If You Like Me at My Worst by Tré Calhoun (MFA Columbia)

  • Workshop production at Columbia University, the Studio @ Schapiro

[Cast: 3] When Miles brings Jake, an attractive and depressed homeless man, into his home, he discovers Jake has a special power of swapping bodies. As Miles lives in and out of this older white man's frame, he learns how to look beyond the body – Jake's body as well as his own – in order to appreciate the consciousness within.


o good god by David Jackson (alum: Actors Theatre - acting apprentice)

  • Workshop production of an earlier one act version, Dig, at Fordham University, White Box Theatre

[Cast: 5] a contemporary messiah myth that weaves together the major miracles of the three Abrahamic religions.

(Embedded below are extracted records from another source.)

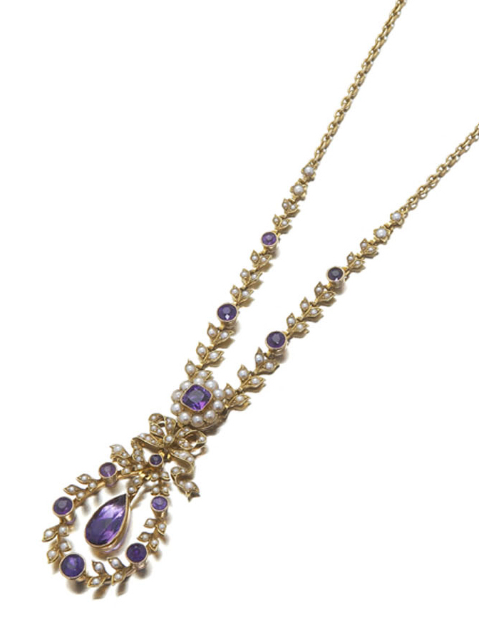 the front composed of millegrain collet set circular cut amethyst and seed pearl set foliate motifs flanking the central amethyst and seed pearl set floral cluster, surmounting a similarly set bow-tied ribbon, with conforming ovoid drop
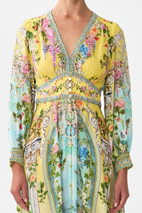 The Tales Of Topkapi Palace Button Dress With Shaped Waistband is a handcrafted silk silhouette designed by our in house artisans. Reimagined in an exclusive limited edition print, our full length dress features a deep V neckline and shaped waistband that sculpts the feminine form. Finished with front button closure and intricately applied crystal embellishments. - 100% Silk - Crystal Embellishment - Deep V Neckline - Full Length - Front Button Closure SKU 00037334-TALETOPI-XXS Size and Fit Our model is 5'10 (178cm) tall and wears a size S (AU 10). Bust: 40in (101.6cm) Waist: 26.5in (67cm) Hips: 38in (96.5cm) Designed as a relaxed fit, take your normal size, or select one size smaller for a neater fit. Fabric and Care 100% SILK With its subtly textured surface, silk crepe is our core fabrication made perfect for versatile wear. With its ability to hold alternative ways to wear, this decadent fabric drapes elegantly off the body whilst keeping you cool with its breathable nature.
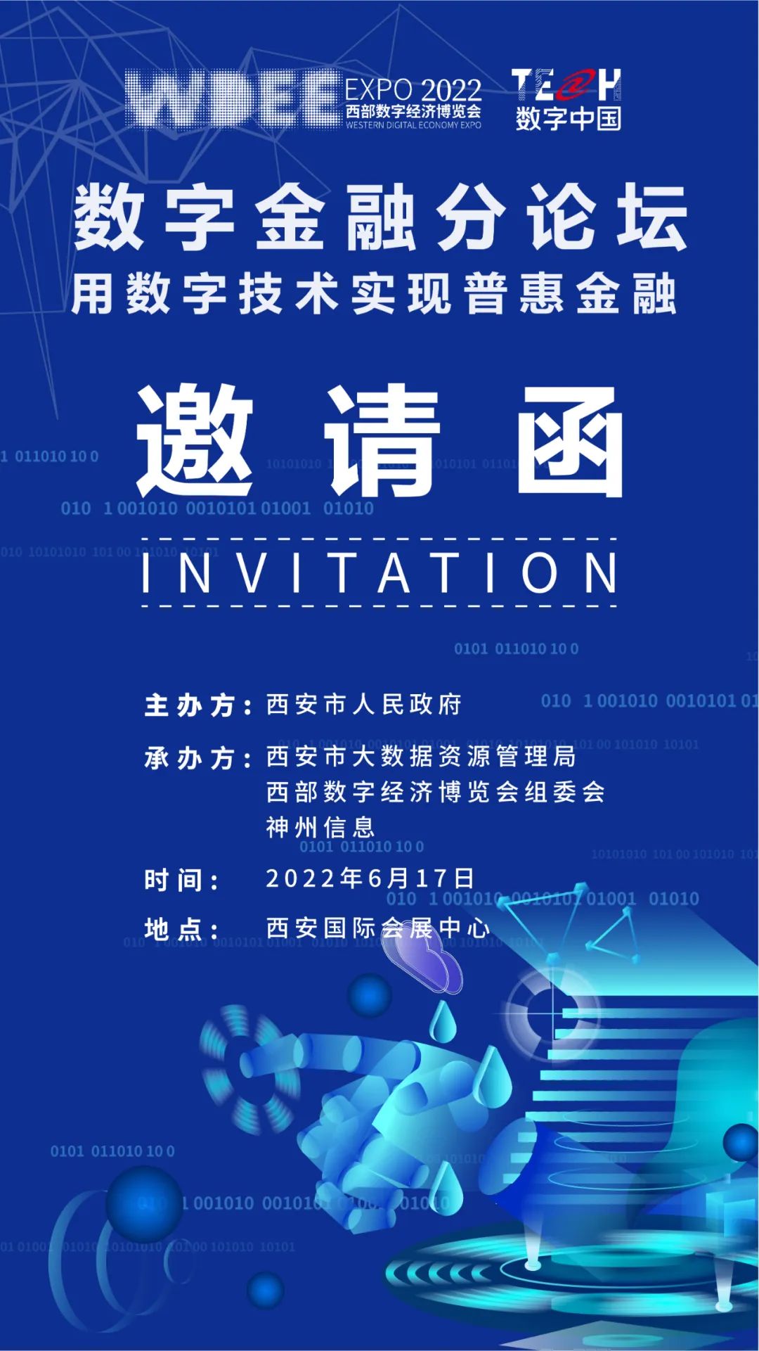 聚焦数字金融,关注金融机构全面数字化转型大趋势,2022西部数博会期间将举办数字金融高峰论坛。同时论坛作为“2022TECH数字中国技术年会”陕西分论坛,以“用数字技术实现普惠金融”为主题,广邀政产学研等生态各界专家、学者同台分享,欢迎各界伙伴关注及参与。
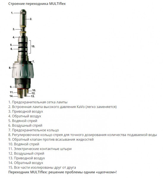 Підходить для всіх турбінних наконечників KaVo зі з’єднанням MULTIflex.

Khajija and Ike have fled the city to quarantine with her parents in New Jersey. Realizing they have little in common, outside of mixed faith homes, Ike persuades his father to rescue him and his stuff -- but that same weekend God visits Khadija, and declares her the first female profit.


sunk by Cory Finley (alum: Ars Nova, Clubbed Thumb, EST/Youngblood) - Cory is also an acclaimed screenwriter / film director

  • Workshop production at Actors Theatre of Louisville - Apprentice/Intern Company

  • Script workshop + private reading at Actors Theatre of Louisville - Apprentice/Intern Company

[Cast: 3] Matt and Anna’s relationship is going swimmingly, until the sewers under their apartment open up and begin to speak. The plumber is angry, Matt’s paintings are getting stranger, and a storm is gathering. An eerie comedy about what is real, what is not and who knows; a thriller about trolls beckoning from the toilet.. and how mental illness can complicate a loving romantic relationship...


This Hair I Tear is Mine by Evie Mason (MFA Columbia)

[Cast: 9] In 1963, a housewife named Dorine started writing a play. And it was very strange. In 1987, following Dorine’s death, her daughter, who once upon a time had been her son, endeavors to finish her mother’s play in a quest to understand the questions Dorine left behind. These two moments in time are bookended by the beginning and end of Dorine’s play, Thrice Adrift, which takes place at an indiscriminate time, on an indiscriminate ocean, where three lonely people have struck out in pursuit of paradise.


Visiting Hours by Arika Larson (MFA Brooklyn College)

[Cast: 6–8] two families, one black and one white, travel across the state to visit a loved one serving a sentence in a medium security prison in rural Kansas. second in a cycle of three plays, visiting hours focuses on what it's like to love someone who is incarcerated. families are separated, messy relationships become messier, or sometimes just fade away, and the entirety of these relationships is packed into weekend hours between 10am and 3pm.